2. On page 384 of Thus Bad Begins, Muriel declares “This is a grubby country.” How does the social landscape of post-Franco Spain affect the tone of the novel? How are personal secrets and political treachery interwoven throughout the narrative?

3. How would you describe the working relationship between Muriel and De Vere? How does their relationship evolve over the course of the novel? When does De Vere feel most comfortable around his employer? When does he challenge him?

4. Discuss the narrative structure of Thus Bad Begins. How does Marías employ a gradual layering of detail to create narrative tension? How does the use of an elder De Vere as narrator help to contextualize his actions as a young man?

5. The tension between private and public selves is explored throughout Thus Bad Begins. How does the political climate of Spain force its citizens to obscure parts of their lives? How does Eduardo and Beatriz’s public presentation of their marriage differ from their behavior behind closed doors? Which characters grate most prominently against the idea of suppressing their true identity?

6. On page 127, Beatriz admits, “I could never get divorced or even separated, not on my initiative.” Explore this attitude. Is this unwillingness to separate a result of the social conservatism left over from Franco’s reign, or of a personal commitment to her husband? Once the roots of Eduardo’s anger toward Beatriz are revealed, how do you interpret her choice to stay?

7. When Juan first encounters Beatriz, he views her merely as an older woman, albeit an attractive one. How do his feelings toward her evolve over the course of the novel? What spurs him to sleep with her? How does his behavior change after their encounter?

8. The movida is described as a wild era of excess after years of bloodshed, political treachery, and social conservatism. How does the ubiquitous party scene factor into social relationships in Thus Bad Begins? How do generational attitudes toward sex and gender roles differ between Muriel’s social set and De Vere’s peers?

9. One of the main conditions of De Vere’s employment is that he must find out the truth about Dr. Van Vechten. Given Muriel’s grave insistence about the importance of this mission, why do you think he refuses to listen to De Vere’s discovery about the doctor? How do you interpret his hostile reaction?

10. Discuss the atmosphere surrounding Beatriz’s death. Given Eduardo’s cruel behavior toward his wife, are you surprised by his outpouring of emotion after the accident? How does Beatriz’s death affect Juan?

11. On page 385, Muriel remarks that “justice doesn’t exist.” How does this attitude permeate the social landscape of Spain in the post-Franco era? Describe the atmosphere of “general amnesty” as mentioned on page 33. How does this carte blanche approach to forgiveness relate to survival?

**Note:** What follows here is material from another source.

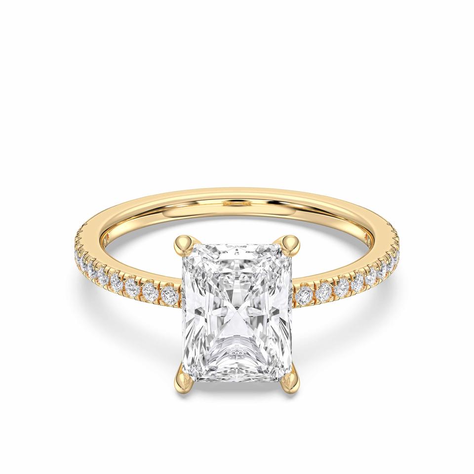 แหวนหมั้นเพชรสีทอง3.20กะรัตสร้างแหวนหมั้นทรงกลมที่ตัดด้วยความเน้นสีทองให้กับเธอ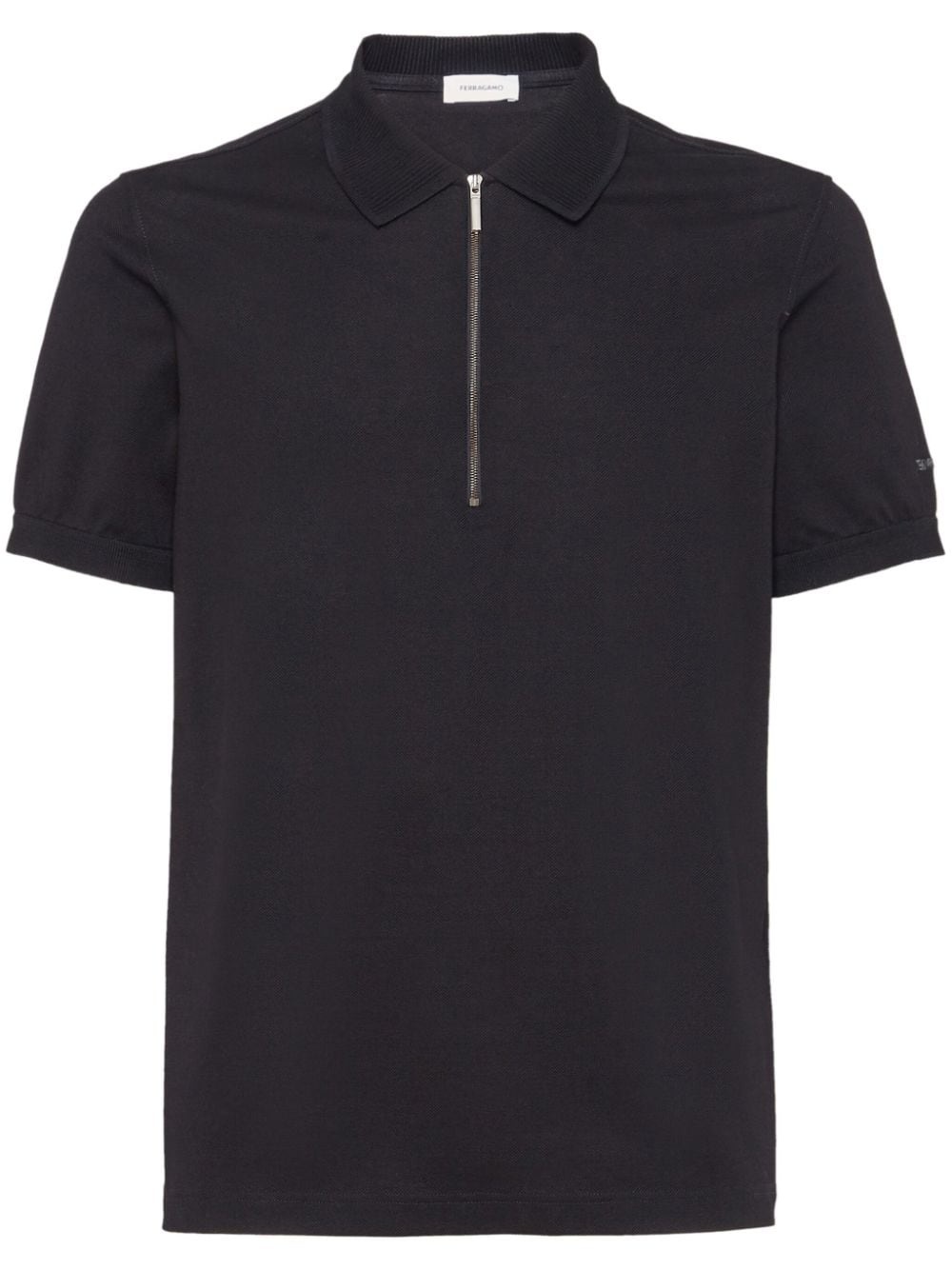 logo-embroidered cotton polo shirt This understated polo shirt by Italian-label Salvatore Ferragamo is crafted from pure cotton. Its classic silhouette is fastened with a silver-tone zip and embroidered with logo lettering on the sleeve. Highlights - Black - Cotton - Polo collar - Short front zip fastening - Short sleeves - Embroidered logo at the sleeve - Straight hem Made in Italy Composition Outer: Cotton 100%

12. Do you think De Vere views Muriel as a role model? Does his respect for Muriel evolve or waver over the course of the novel? What would you say is the most important lesson he learns from his employer?

13. Discuss the significance of the title and its refrain throughout the novel. How does it act as an indicator of mood and tone during the novel’s darkest moments?

14. Throughout Thus Bad Begins, a mood of anticipation is built as secrets and layers of deceit are revealed to the reader. What is the most surprising aspect of this novel for you? Were you shocked by its ending?